Esempio n. 1
0
/** Compute the context-sensitive FOLLOW set for current rule.
 *  This is set of token types that can follow a specific rule
 *  reference given a specific call chain.  You get the set of
 *  viable tokens that can possibly come next (lookahead depth 1)
 *  given the current call chain.  Contrast this with the
 *  definition of plain FOLLOW for rule r:
 *
 *   FOLLOW(r)={x | S=>*alpha r beta in G and x in FIRST(beta)}
 *
 *  where x in T* and alpha, beta in V*; T is set of terminals and
 *  V is the set of terminals and nonterminals.  In other words,
 *  FOLLOW(r) is the set of all tokens that can possibly follow
 *  references to r in *any* sentential form (context).  At
 *  runtime, however, we know precisely which context applies as
 *  we have the call chain.  We may compute the exact (rather
 *  than covering superset) set of following tokens.
 *
 *  For example, consider grammar:
 *
 *  stat : ID '=' expr ';'      // FOLLOW(stat)=={EOF}
 *       | "return" expr '.'
 *       ;
 *  expr : atom ('+' atom)* ;   // FOLLOW(expr)=={';','.',')'}
 *  atom : INT                  // FOLLOW(atom)=={'+',')',';','.'}
 *       | '(' expr ')'
 *       ;
 *
 *  The FOLLOW sets are all inclusive whereas context-sensitive
 *  FOLLOW sets are precisely what could follow a rule reference.

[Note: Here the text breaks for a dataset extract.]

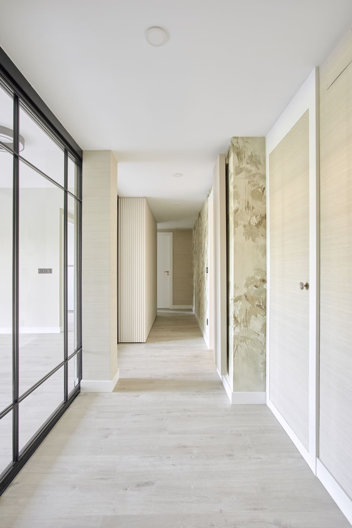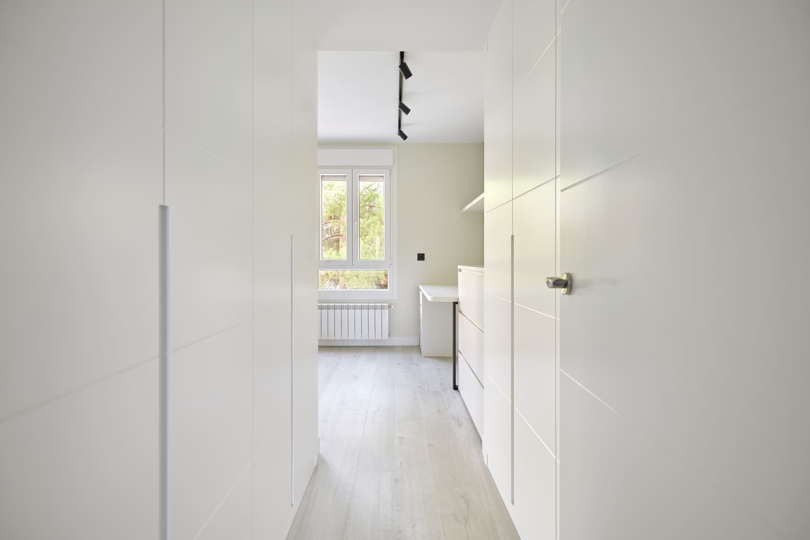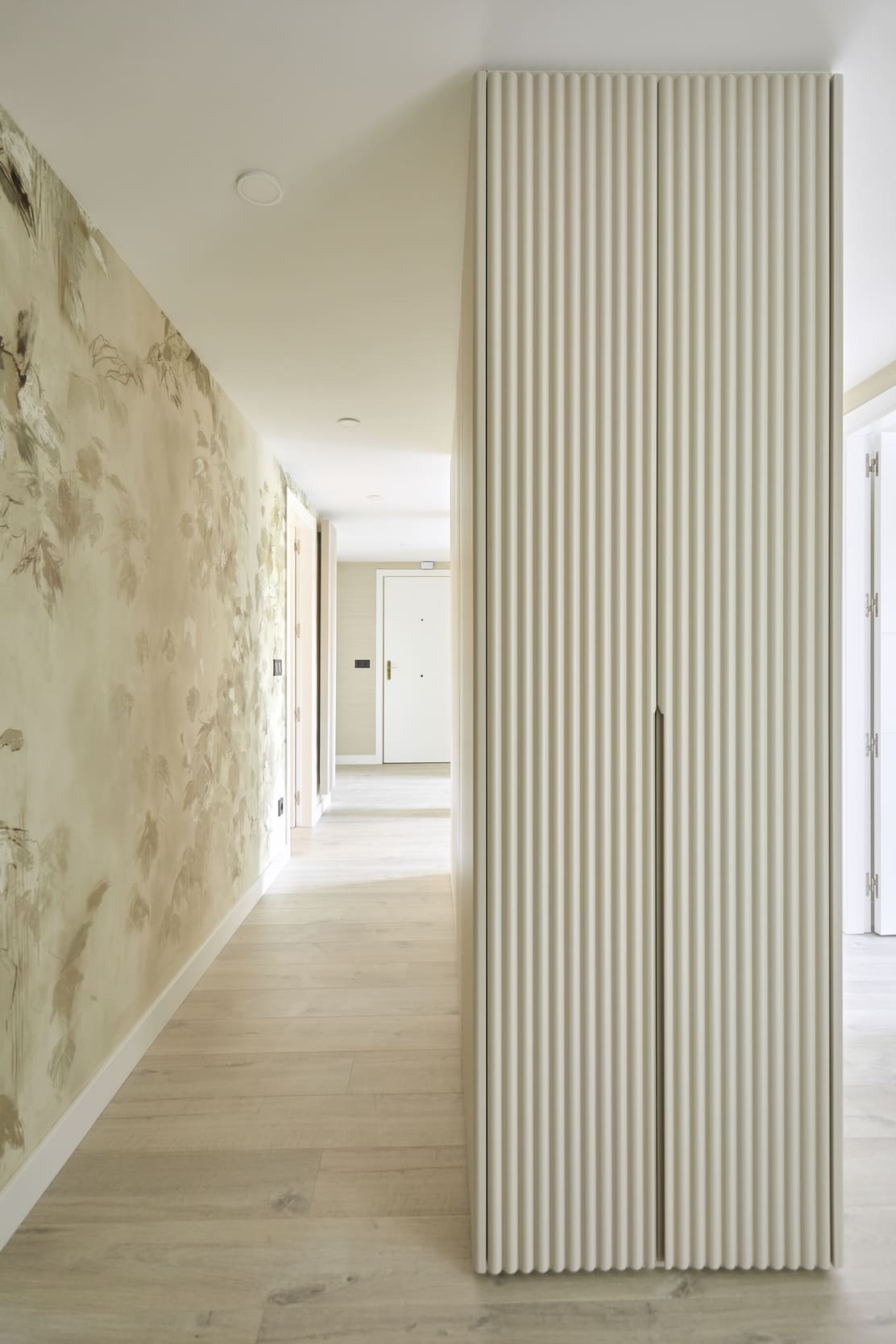- Se diseñó un sistema de almacenaje oculto en pasillo y zona de transición, quedando como de las piezas más especiales y exclusivas de este proyecto.

 *  For input input "i=(3);", here is the derivation:
 *
 *  stat => ID '=' expr ';'
 *       => ID '=' atom ('+' atom)* ';'
 *       => ID '=' '(' expr ')' ('+' atom)* ';'
 *       => ID '=' '(' atom ')' ('+' atom)* ';'
 *       => ID '=' '(' INT ')' ('+' atom)* ';'
 *       => ID '=' '(' INT ')' ';'
 *
 *  At the "3" token, you'd have a call chain of
 *
 *    stat -> expr -> atom -> expr -> atom
 *
 *  What can follow that specific nested ref to atom?  Exactly ')'
 *  as you can see by looking at the derivation of this specific
 *  input.  Contrast this with the FOLLOW(atom)={'+',')',';','.'}.
 *
 *  You want the exact viable token set when recovering from a
 *  token mismatch.  Upon token mismatch, if LA(1) is member of
 *  the viable next token set, then you know there is most likely
 *  a missing token in the input stream.  "Insert" one by just not
 *  throwing an exception.
 */
static pANTLR3_BITSET		
computeCSRuleFollow	    (pANTLR3_BASE_RECOGNIZER recognizer)
{
    return   recognizer->combineFollows(recognizer, ANTLR3_FALSE);
}
Esempio n. 2
0
/**
 * Documentation below is from the Java implementation.
 *
 * Compute the error recovery set for the current rule.  During
 *  rule invocation, the parser pushes the set of tokens that can
 *  follow that rule reference on the stack; this amounts to
 *  computing FIRST of what follows the rule reference in the
 *  enclosing rule. This local follow set only includes tokens
 *  from within the rule; i.e., the FIRST computation done by
 *  ANTLR stops at the end of a rule.
 *
 *  EXAMPLE
 *
 *  When you find a "no viable alt exception", the input is not
 *  consistent with any of the alternatives for rule r.  The best
 *  thing to do is to consume tokens until you see something that
 *  can legally follow a call to r *or* any rule that called r.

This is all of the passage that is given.